To create the record, the scientists used samples from a sediment core from Ocean Drilling Program Site 983, which is located off the southwest coast of Iceland. They made counts of ice-rafted terrestrial material, such as quartz grains, as well as of Neogloboquadrina pachyderma, a planktic foraminifer that thrives in polar regions, in successive layers of the core.

The authors used changes in the presence of N. pachyderma and the ice-rafted material as proxies for surface ocean conditions and the movement of sea ice to infer patterns of ocean circulation. This information served as an indicator of whether conditions in past intervals were polar or subpolar at Site 983. Because the AMOC is believed to be the main driver of millennial-scale changes in surface conditions (polar versus subpolar), the authors believe they can infer a picture of millennial-scale changes in the Atlantic’s large-scale overturning circulation.
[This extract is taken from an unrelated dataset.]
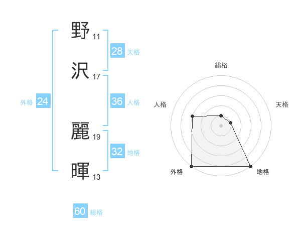 野沢 麗暉さんを姓名の画数から五運を鑑定
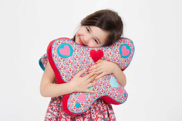 Para coser tu propio peluche mariposa, he preparado un patrón PDF que contiene un patrón para el cojín básico y los detalles de apliques en el tutorial (por supuesto usted puede diseñar sus propias formas de apliques si quieres). Aparte de esto, usted necesitará unos 150 cm / 59″ de la tubería.

In summary, they report that anomalously cold and icy surface conditions recorded in the core correspond to past periods of weakened AMOC, whereas warmer conditions correspond to stronger AMOC.

The team then compared this new record of Atlantic Ocean variability to atmospheric CO2 changes over the same period, which revealed that the two variables have varied in tandem for the past 800,000 years. Broadly speaking, CO2 levels rise when Atlantic circulation is weak and fall when it’s strong.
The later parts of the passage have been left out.